Часто я ходил в кафе в другие районы, где меня никто не знал. Я садился в углу, делал заказ - что-нибудь лёгкое с бокалом пива или вина - и наблюдал за людьми. Отсутствие знакомых освобождало меня от необходимости вести разговор и делало меня сторонним наблюдателем жизни, текущей пред моими любопытным глазами. Играла музыка, люди общались между собой, вспоминали прошлое или сегодняшний день, строили планы, заводили знакомства, иногда выясняли отношения. Они общались словами, глазами, движениями. Всё тело и даже часть пространства вокруг человека преобразовывались и представляли собой маленький живой театр при свечах, где играли ещё не написанную пьесу. Невидимый автор писал текст на ходу, и пьеса игралась только один раз. Тёплый свет свечей подчеркивал игру актёров, музыка тихонько подыгрывала действию, официанты быстро и умело, как фокусники, меняли реквизит, разговор тек невидимыми потоками, улетая вверх. Завтра будут другие актёры, другие драмы, другая микрореальность. Это жизнь. Это нормально.

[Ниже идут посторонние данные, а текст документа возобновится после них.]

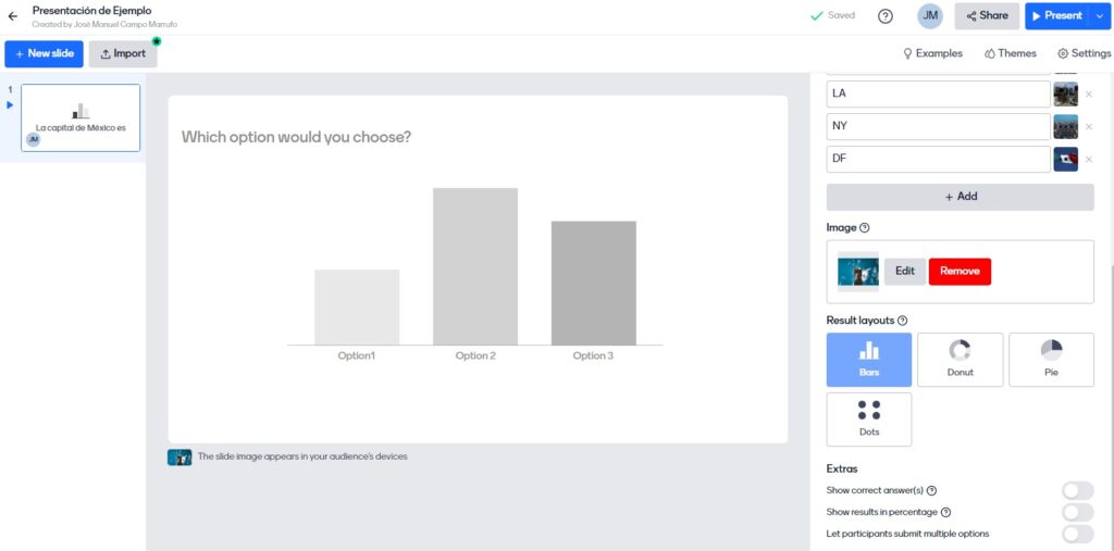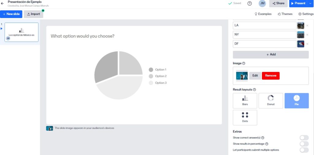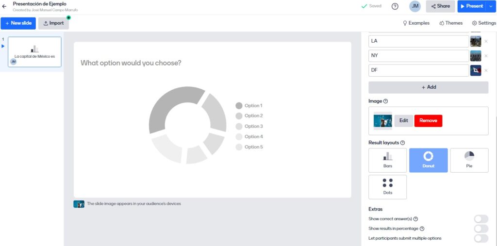 En Extras podemos indicar si queremos señalar la respuesta correcta, mostrar el porcentaje de las respuestas y si queremos que los participantes señalen varias respuestas.

Иногда вечерами или даже ночью, если на следующий день у меня был выходной, я просто гулял по городу. Город напоминал мне спящего великана, распластавшегося на огромной кровати. Как всякий спящий человек подаёт во сне признаки жизни - храпит, подрагивает ногой и ворочается, так и город давал о себе знать то сиреной скорой помощи, то свистком полицейского, то звуком закрывающейся двери или мусорного бака. Это тоже нормально. Любое одушевлённое существо подаёт признаки жизни. Город тем более. Но кроме этих звуков ничто больше не мешало мне изучать его ночную сторону жизни. Люди запирались в своих домах и город уходил в себя. Пустые улицы удивлённо встречали блуждающего одиночку, но пускали прогуляться по своим извилистым маршрутам.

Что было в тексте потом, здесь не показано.